ProblemSet 2 -- Optimization

1. Blood typing

Human blood is generally classified in the “ABO” system, with four blood types: A, B, O, and AB. These four types reflect six gene pairs, with blood type A corresponding to gene pairs AA and AO, blood type B corresponding to gene pairs BB and BO, blood type O corresponding to gene pair OO, and blood type AB corresponding to gene pair AB. Let \(p\) be the proportion of gene A in the population, let \(q\) be the proportion of gene B in the population, and let \(r\) be the proportion of gene O in the population. For example, the quantity \(p\) represents the ratio of the total number of blood-type genes of type A to the total number of blood-type genes. Since each blood-type gene is either A, B or O, it is clear that \(p + q + r = 1\).

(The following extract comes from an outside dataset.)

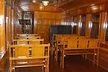 When outfitted, it held 17 rows of pews, as well as an organ, a lectern, and a phonograph donated by Thomas Edison.[3][4]
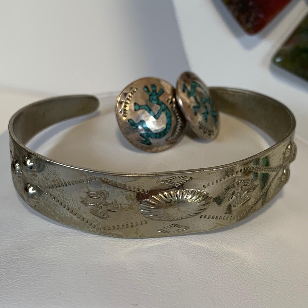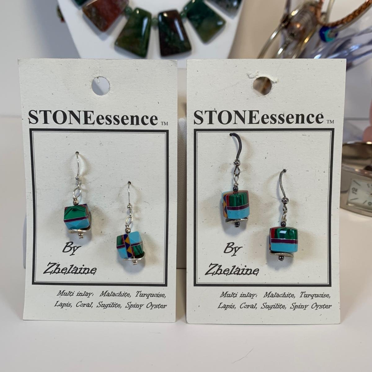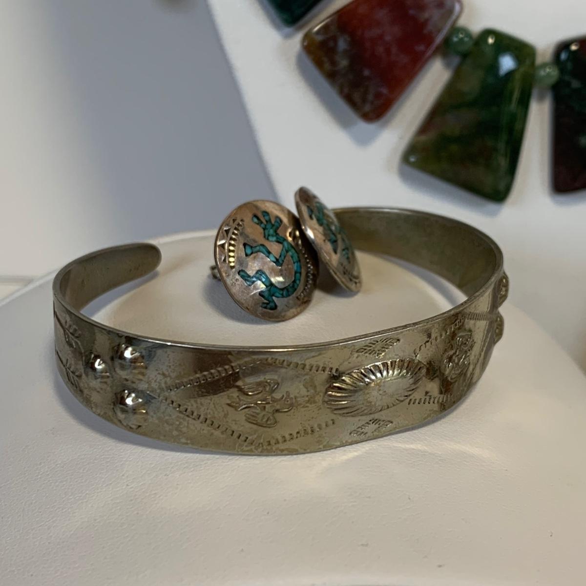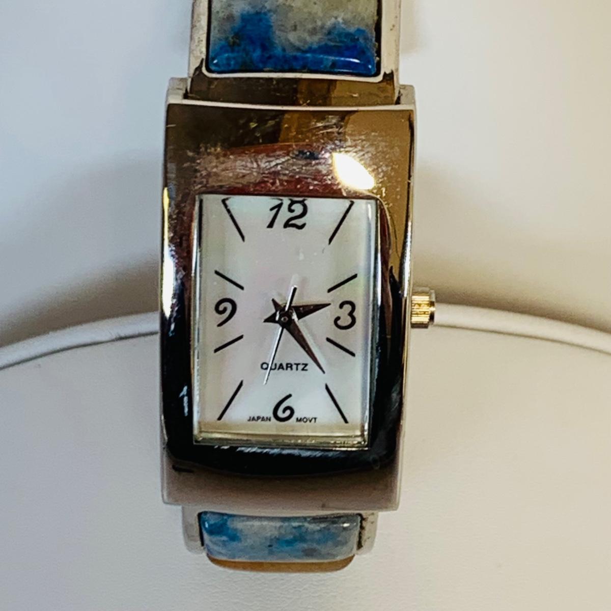 Lot 218: Fashion Jewelry Collection: Tricolor Bracelets, Nickel Silver Bracelet, Stone Essence Inlay Earrings, Watch w/Multicolored Stones & More

1. cThe Hardy-Weinberg principle implies that:

   \((\clubsuit)\) The quantities \(p\), \(q\), and \(r\) remain constant from generation to generation, as do the frequencies of occurrence of the different genotypes AA, AO, … .

   Assuming the validity of \((\clubsuit)\), what is the probability that an individual has genotype AA? BB? OO? What is the probability of an individual having two different genes? Express your response using the quantities \(p\), \(q\) and \(r\).

2. Still assuming the valiidty of \((\clubsuit)\), find the maximum percentage of the population that can have two different genes. Perform this computation in two different ways:

   • directly maximize a function of only two variables
   • use the method of Lagrange multipliers.

3. Explain in words what the Lagrange multiplier represents in the second computation of part (b).

2. Newton’s method and root finding

1. microprocessors

   One of the uses of Newton’s method is in implementing division on microprocessors, where only addition and multiplication are available as primitive operations. To compute \(x = a/b\), first the root of \(f(x) = \dfrac{1}{x} − b\) is found using Newton’s method, then the fraction is computed with one last multiplication by \(a\).

   Find the Newton iteration needed to solve \(f(x) = 0\) and explain why it is well-suited to this purpose. (Note: The point here is to approximate division, so you shouldn’t use division functions implemented in python!)

2. experiments

   Apply Newton’s Method to compute \(1/b\), where \(b\) is: (i) the last 3 digits of your student number; and (ii) the area code of your phone number. For these experiments, report the number of iterations required for the approximation to be consistent to 10 digits.

3. A linear program

Consider the optimization problem: find the \(\max\) of \(f(x, y) = x + 2y\) subject to the following constraints:

\[\begin{align*} y &\le 9 \\ −y &\le −1 \\ 2x + y &≤ 25 \\ −2x − y &≤ −9 \\ −2x + y &≤ 1 \\ 2x − y &≤ 15. \end{align*}\]

1. Draw the feasible region. Label the boundary curves and corner points.

2. Find the maximum value of f subject to the constraints and the point where it occurs.

3. Verify your answer using SciPy.

4. Bakers

A bakery wants to sell forty five Valentine’s Day gift bags. They have decided to offer two types of bags:

• Bags of type A will contain four cupcakes and two cookies, and will be sold for $12

• bags of type B will contain two cupcakes and five cookies, and will be sold for $16

The bakery has 90 cookies and 115 cupcakes in total. Write the bakery’s optimization problem as a linear program. Solve this to determine how many baskets of both types should be made. If a fractional solution is obtained, round down to whole number solutions. What is the maximum profit?

You may solve this by drawing the feasible region or using python.